C’est Karim qui, à Barbès, s’inquiète de ce que « les premières victimes vont être les musulmans », sans un mot de compassion pour les morts. C’est à Étampes, où la prière d’une messe interculturelle enjoint à refuser « tout amalgame qui stigmatise ». C’est à la mosquée de Brest où, sur le portail, des citoyens lambda ont déposé des cœurs « pas d’amalgame ».
« Ils », c’est aussi Arte, pour qui les réfugiés sont « les victimes collatérales des attentats ». « Ils », c’est elle, l’Éducation nationale et sa ministre franco-marocaine, Najat Belkacem, enjoignant les professeurs à interroger leurs élèves sur « qu’est-ce-qu’un amalgame ? »</em. Mais, stupeur, le « pas d’amalgame » peut aussi survenir du côté où on s’y attend le moins.
À l’ère du « Nous sommes tous des êtres humains », les deux sœurs de Guillaume – assassiné rue de Charonne, ce vendredi, à Paris – et leurs compagnons se sont rendus à la mosquée de Cherbourg « pour montrer aux gens que nous, famille de victimes, nous ne voulons pas d’amalgame […] ».

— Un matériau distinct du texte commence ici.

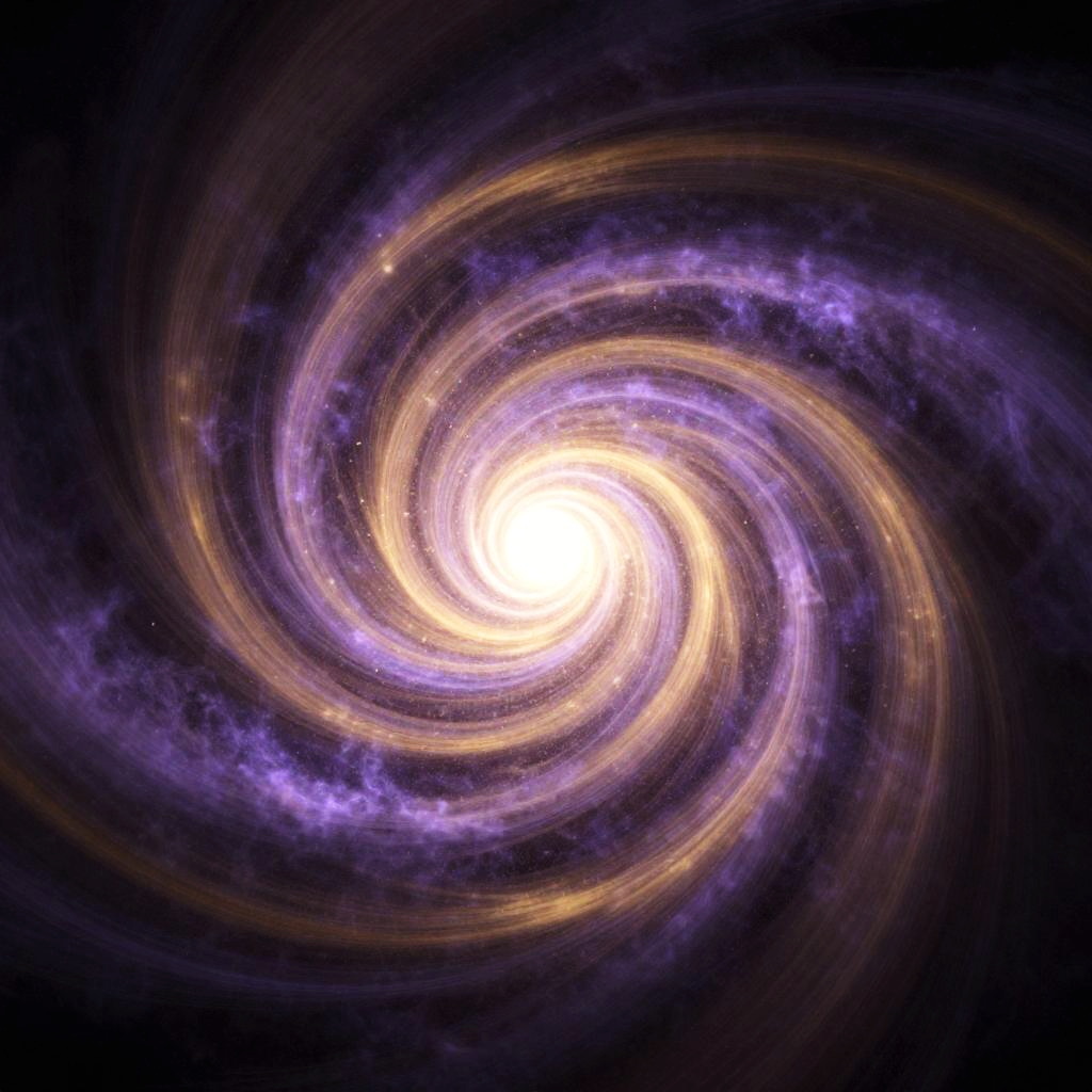 Zyklus illustrated as a cosmic energy cycle, swirling rings of light and particles revolving around a glowing core, radiant purples and golds dominate, digital art with dynamic motion blur and a sense of infinite flow.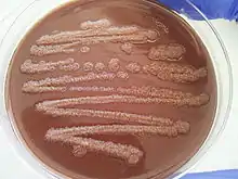 While the microbial colonies of P. stutzeri can alter based on what medium the bacterium is grown on, there are conserved, distinguishable characteristics that are apparent in almost every colony of this species.[10] When examined on solid media, this bacterium has dry, rigid colonies that cling together so tightly it is often easier to remove an entire colony, if needed, rather than just a piece of one.[10] The color of the colonies is usually brown, although it can deviate with a change in media.[12] The shape of each colony mimics that of a crater because the exterior edges are raised, forming a depression in the center.[10] The edges of each colony project outwards often allowing colonies to come into contact with one another.[10]

Alors, on s’interroge. Parce que s’il serait évidemment imbécile et diffamatoire de rendre l’ensemble des musulmans responsables des actes terroristes commis depuis janvier sur notre sol, est-il logique – une heure après avoir appris la mort de leur frère – de se précipiter rassurer la communauté musulmane de leur ville quand aussi funeste nouvelle devrait, pour le moins, commander exactement l’inverse – être rassuré par cette dernière ? Leurs « amis musulmans sont très mal », expliquent Clémentine et Anaïs. Plus qu’elles ? Un retournement de situation proprement renversant, le résultat de la propagande pavlovienne « pas d’amalgame »…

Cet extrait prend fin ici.